Lego bricks. You build sentences from smaller pieces. The AI reads and writes one piece at a time.

"The quick brown fox jumps"
↓ tokenized into:
The quick brown fox jumps — 5 tokens
"I can't believe it's not butter"
↓ tokenized into:
I can 't believe it 's not butter — 8 tokens
Tokenization uses algorithms like Byte-Pair Encoding (BPE) or SentencePiece to break text into subword units. Common words are single tokens, while rare words are split into pieces. GPT-4 uses ~100K token vocabulary. One token is roughly 4 characters or 0.75 words in English. Tokenization differs across languages — non-Latin scripts typically require more tokens per word.
9

Large Language Model(LLM)

In one sentence:

A neural network trained on massive amounts of text that can generate, understand, and reason about language.

Think of it like:

Someone who has read every book, article, and website ever written, and can write in any style — from Shakespeare to code to legal contracts.
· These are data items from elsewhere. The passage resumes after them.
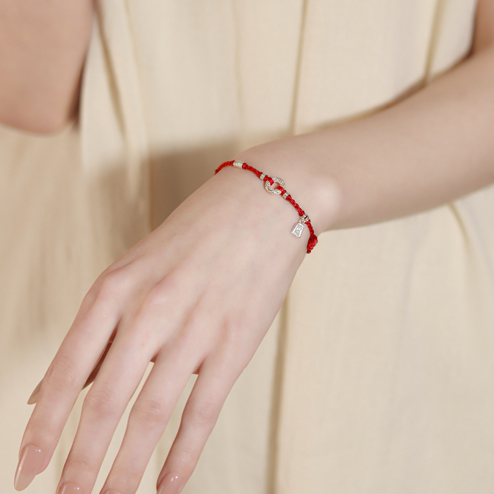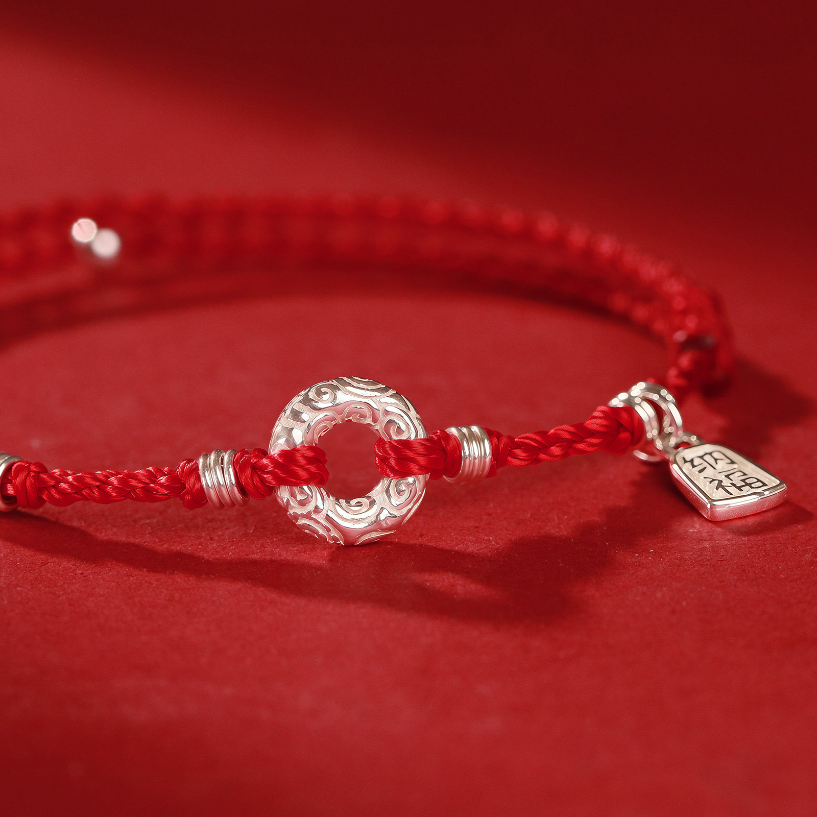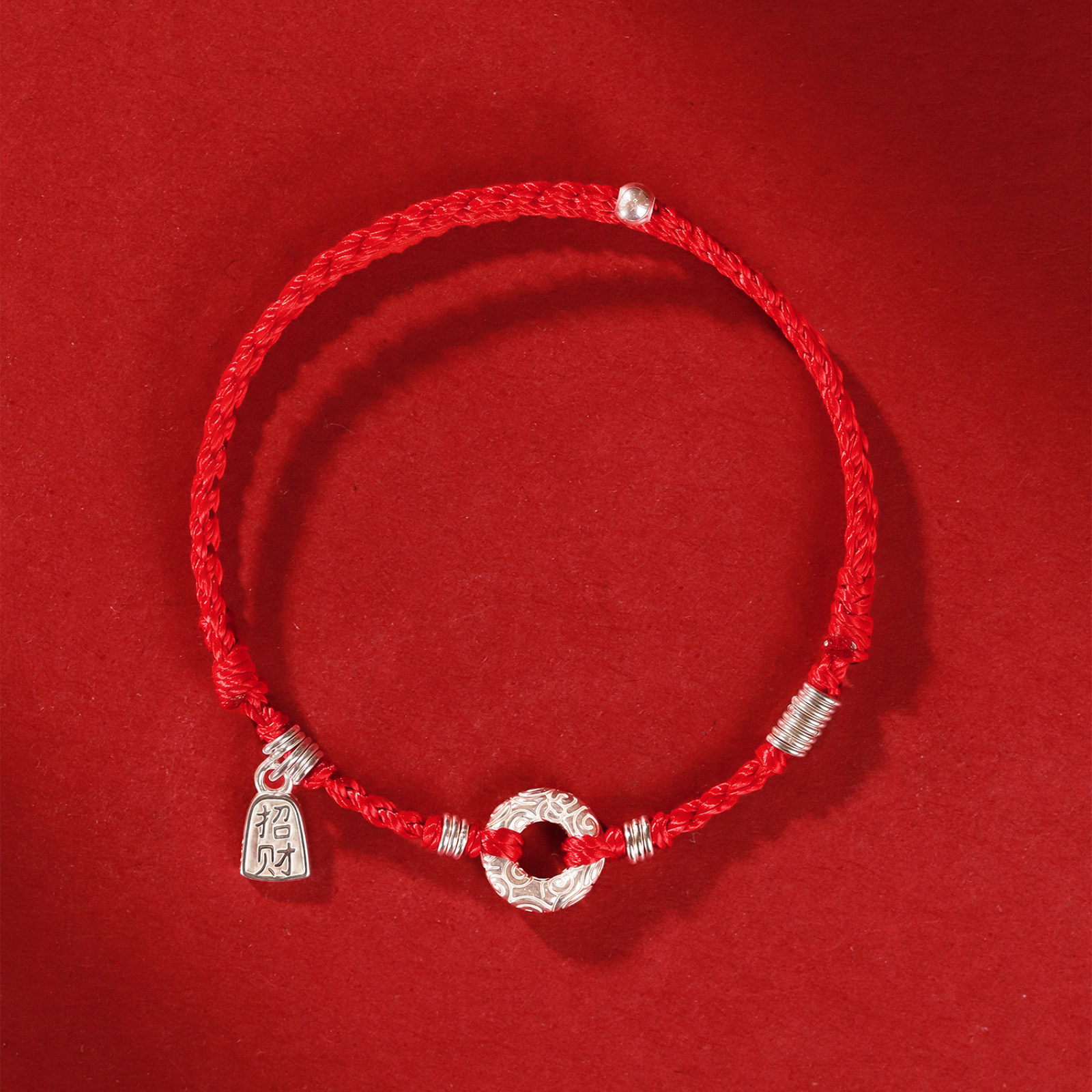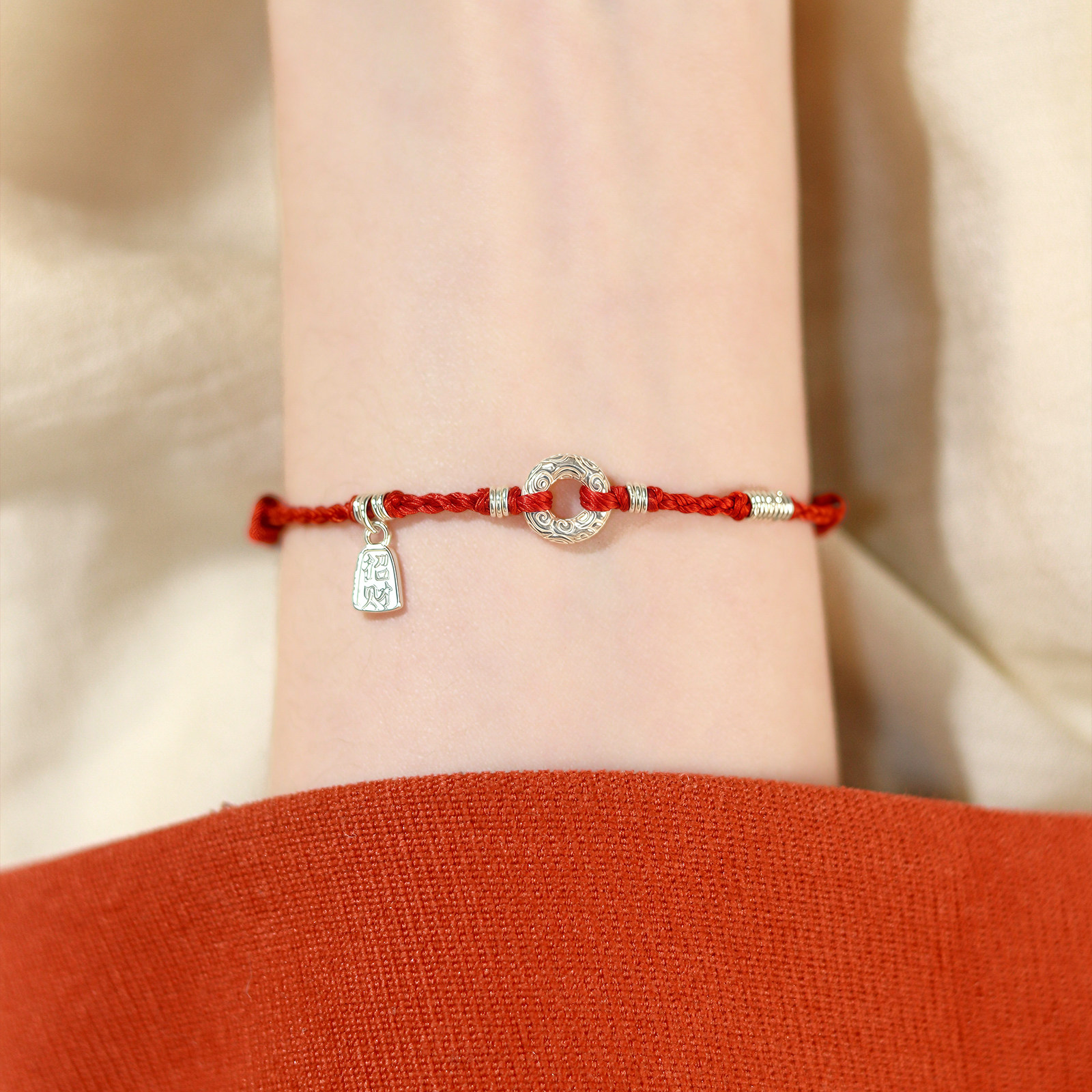 平愿结财纯银平安扣本命年红手绳绝美小众手链编织绳轻奢高级感
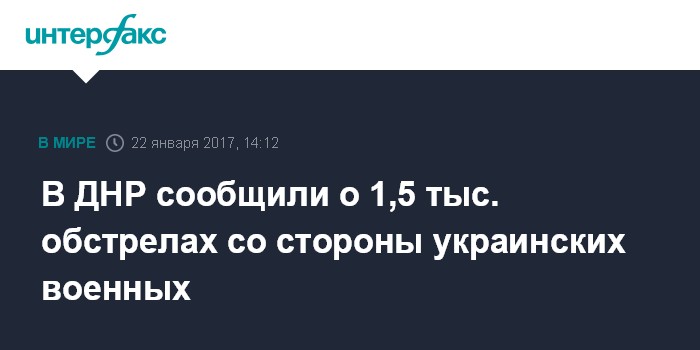 Москва. 22 января. INTERFAX.RU - За сутки в самопровозглашенной Донецкой народной республике зафиксировали 1428 нарушений режима прекращения огня со стороны Вооруженных сил Украины.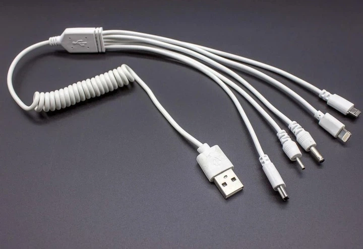 Кабель універсальний 5в1 Usb U7 білий пружинний кабель lighting microUsb багатопортовий зарядний шнур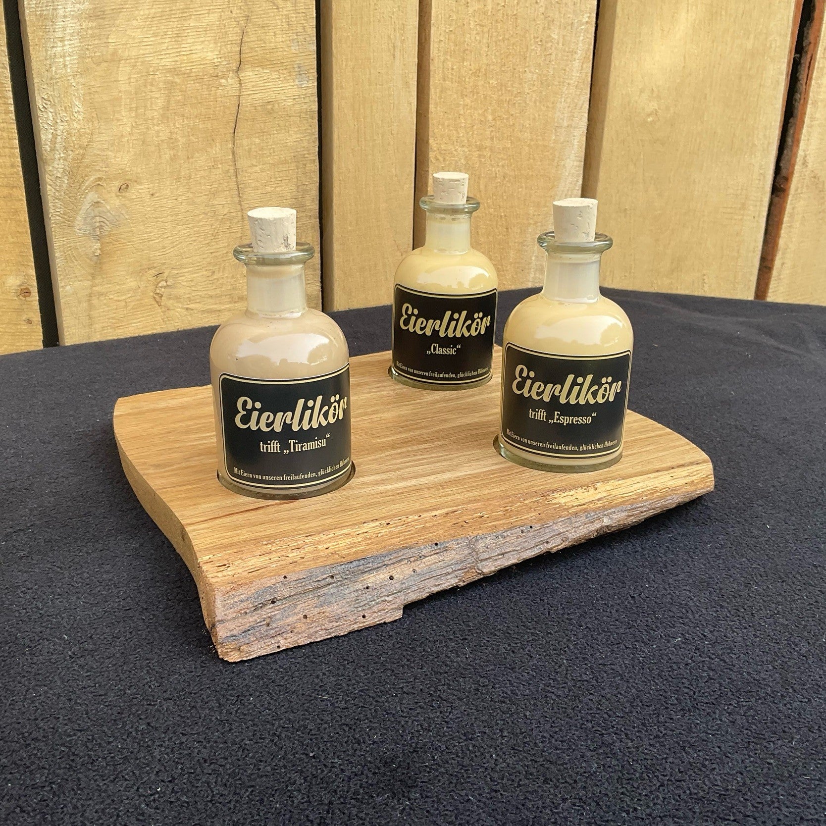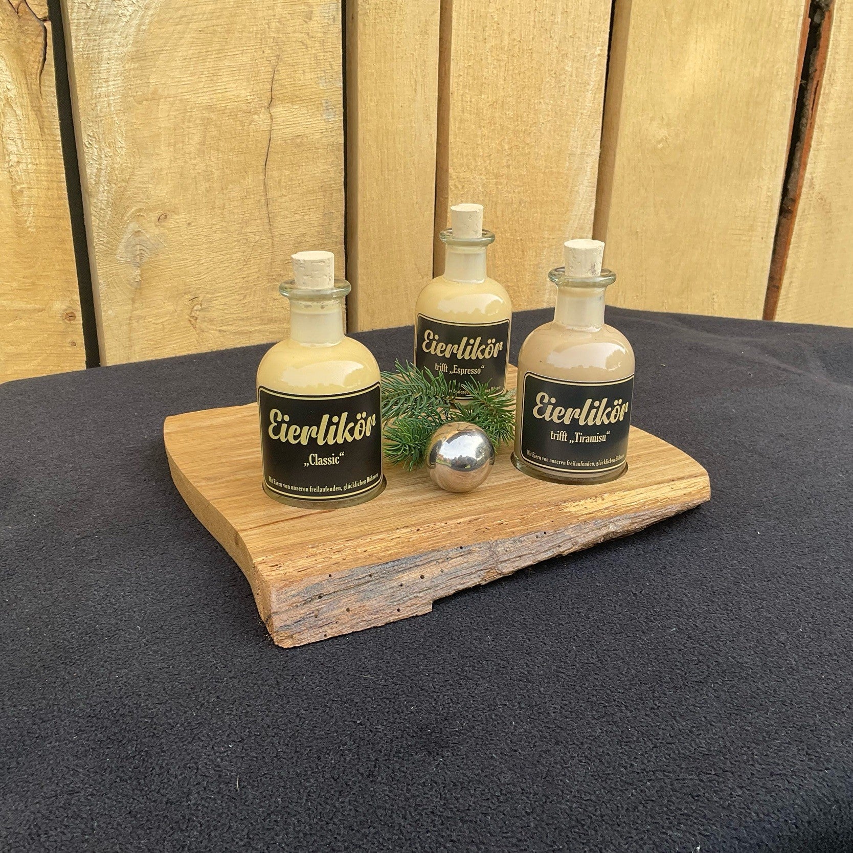 🌿 Eierlikör trifft Eiche – und ein Hauch Nachhaltigkeit Unser Geschenkset vereint Genuss, Handwerk und Stil: 🥚 Drei Sorten hausgemachter Eierlikör auf einem handgefertigten Eichenbrett – jedes Brett ein Unikat. 🍶 Und das Beste: Die Flaschen sind viel zu schön zum Wegwerfen. Nutze sie als Blumenvase, Deko oder für deine eigene Kreation – nachhaltig und stilvoll.
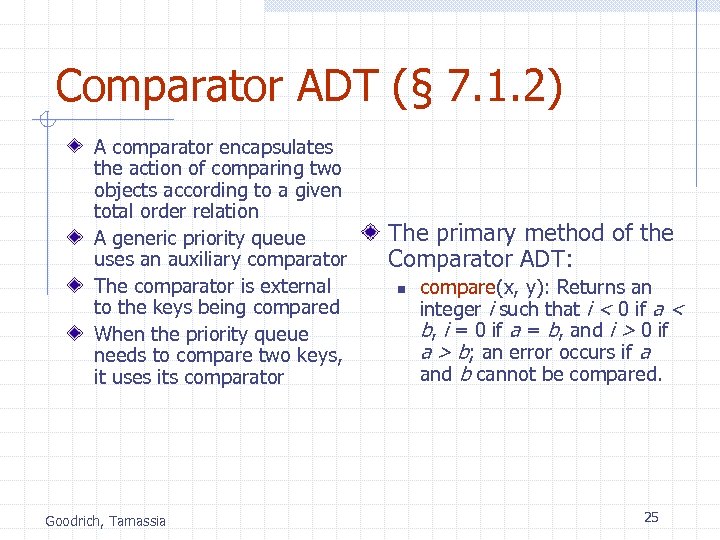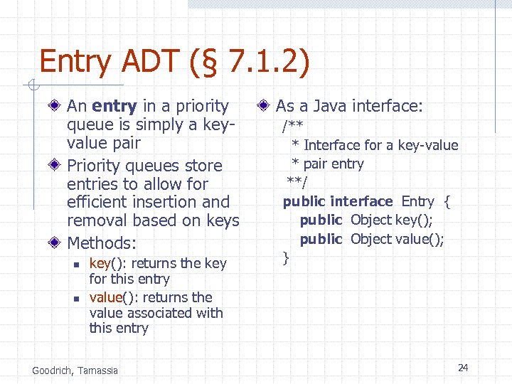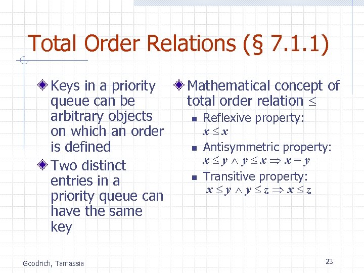 Total Order Relations (§ 7. 1. 1) Keys in a priority queue can be arbitrary objects on which an order is defined Two distinct entries in a priority queue can have the same key Goodrich, Tamassia Mathematical concept of total order relation n n n Reflexive property: x x Antisymmetric property: x y y x x=y Transitive property: x y y z x z 23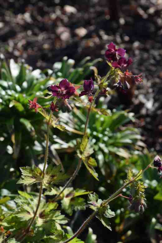 One that is new to me is G. phaeum ‘Springtime’. When I bought it I was having a confused moment because I wondered if it was the new name for a geranium I once grew as ‘Spring Fling’ but a quick google dispelled my confusion because that is G. oxonianum.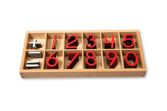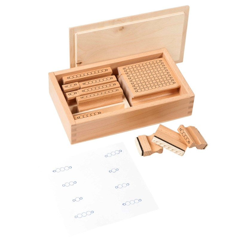 A set of rubber stamps representing the Montessori hundred square and bead bars from 1–10. An excellent supplementary method for further practice of the operations performed with the Montessori bead material.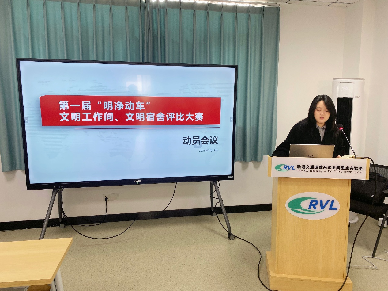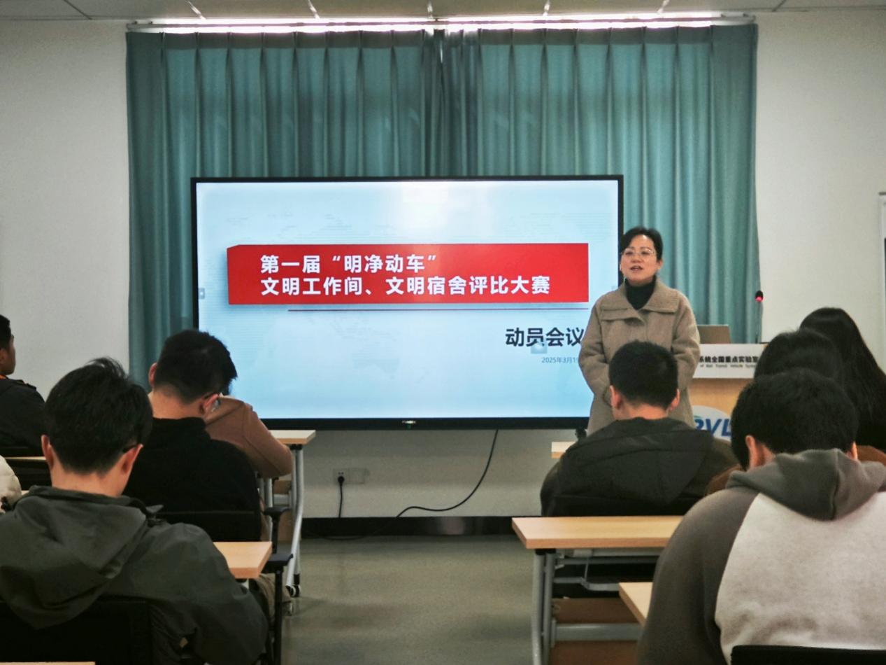 于B1楼209会议室召开第一届“明净动车”文明工作间、文明宿舍评比大赛动员会议。实验室各研究生科研工作间学生负责人、2024级研究生班级生活委员全员参会,实验室党委副书记王霞、团委书记余卉、辅导员成恬逸出席会议,学工组申宇担任会议主持。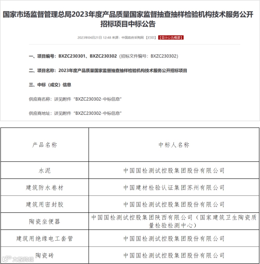 国检集团中标国家市场监督管理总局“2023年度产品质量国家监督抽查抽样检验机构技术服务公开招标项目”,将承担水泥、建筑防水卷材、建筑用密封胶,陶瓷坐便器、建筑用绝缘电工套管,陶瓷砖共6项国家监督抽查工作。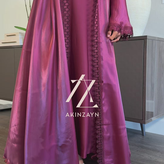 Crafted from a luxurious organza fabric with a luminous sheen, this abaya radiates understated opulence. The deep maroon hue and navy blue, paired with intricately embroidered lace trim along the front and cuffs, creates a look that is both regal and refined.

LLMs are typically Transformer-based models with billions of parameters, trained on trillions of tokens using self-supervised learning (next-token prediction). They develop emergent capabilities at scale, including reasoning, translation, and code generation. Examples: GPT-4, Claude, Llama, Gemini. Post-training steps like RLHF align them with human preferences.
10

GPT(Generative Pre-trained Transformer)

In one sentence:

A specific type of LLM architecture by OpenAI. G = generates text, P = pre-trained on lots of data, T = uses the Transformer architecture.

Think of it like:

A specific brand of car engine. "LLM" is the category (all car engines), "GPT" is a particular design (like a V8 from a specific manufacturer).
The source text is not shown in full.